A informação neste documento é baseada no ESA com toda a versão de AsyncOS.

As informações neste documento foram criadas a partir de dispositivos em um ambiente de laboratório específico. Todos os dispositivos utilizados neste documento foram iniciados com uma configuração (padrão) inicial. Se a sua rede estiver ativa, certifique-se de que entende o impacto potencial de qualquer comando.

Informações de Apoio

Você deve permitir o TLS para todos os ouvintes onde você exige a criptografia para conexões de entrada. Você pôde querer permitir o TLS nos ouvintes que enfrentam o Internet (ouvintes públicos), mas não para ouvintes para sistemas internos (ouvintes privados). Ou, você pôde querer ao Enable Encryption para todos os ouvintes. À revelia, nem os ouvintes privados nem públicos permitem conexões TLS. Você deve permitir o TLS na tabela do acesso host de um ouvinte (CHAPÉU) a fim permitir o TLS para o email (de emissão) de entrada (recebendo) ou de partida. Além, os ajustes da política do fluxo de correio para ouvintes privados e públicos têm "OFF" girado TLS à revelia.

Configurar

Você pode especificar três ajustes diferentes para o TLS em um ouvinte:

ConfiguraçãoSignificado
NãoO TLS não é permitido conexões recebidas. As conexões ao ouvinte não exigem conversações cifradas do Simple Mail Transfer Protocol (SMTP). Esta é a configuração padrão para todos os ouvintes que você configura no dispositivo.
PreferidoO TLS é permitido conexões recebidas ao ouvinte dos agentes de transferência de mensagem (MTAs).
NecessárioO TLS é permitido conexões recebidas ao ouvinte de MTAs, e até STARTTLS um comando é recebido, o ESA responde com um Mensagem de Erro a cada comando a não ser nenhuma opção (NOOP), EHLO, ou PARA. Se o TLS “é exigido” significa que esse email que o remetente não quer cifrado com TLS estará recusado pelo ESA antes que esteja enviado, de que o impede desse modo esteja transmitido na claro.

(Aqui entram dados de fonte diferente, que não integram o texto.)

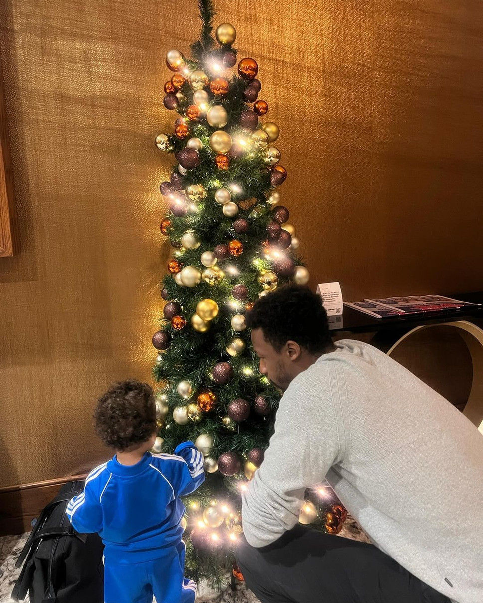 "Коли рік закінчується, ми згадуємо прості, але цінні моменти щастя. Стоячи перед цією ялинкою, ми з моєю маленькою принцесою шлемо вам побажання тепла, любові та сміху. Нехай свята принесуть вам радість та мир. Усіх зі святом". - написав Монфіс.

Permita o TLS em uma política do fluxo de correio do CHAPÉU para um ouvinte através do GUI

Conclua estes passos:

  1. Das políticas do fluxo de correio pagine, escolha um ouvinte cujas políticas você queira alterar e clique então o link para o nome da política para editar. (Você pode igualmente editar os parâmetros da política padrão.) A página das políticas do fluxo de correio da edição é indicada.
  2. Na “criptografia e na autenticação” seção, para o “uso TLS: o” campo, escolhe o nível do TLS que você quer para o ouvinte.
  3. Clique em Submit.
  4. O clique compromete mudanças, adiciona um comentário opcional caso necessário, e clica-o então compromete mudanças a fim salvar as mudanças.

Nota: Você pode atribuir um certificado específico para conexões TLS aos ouvintes públicos individuais quando você cria um ouvinte.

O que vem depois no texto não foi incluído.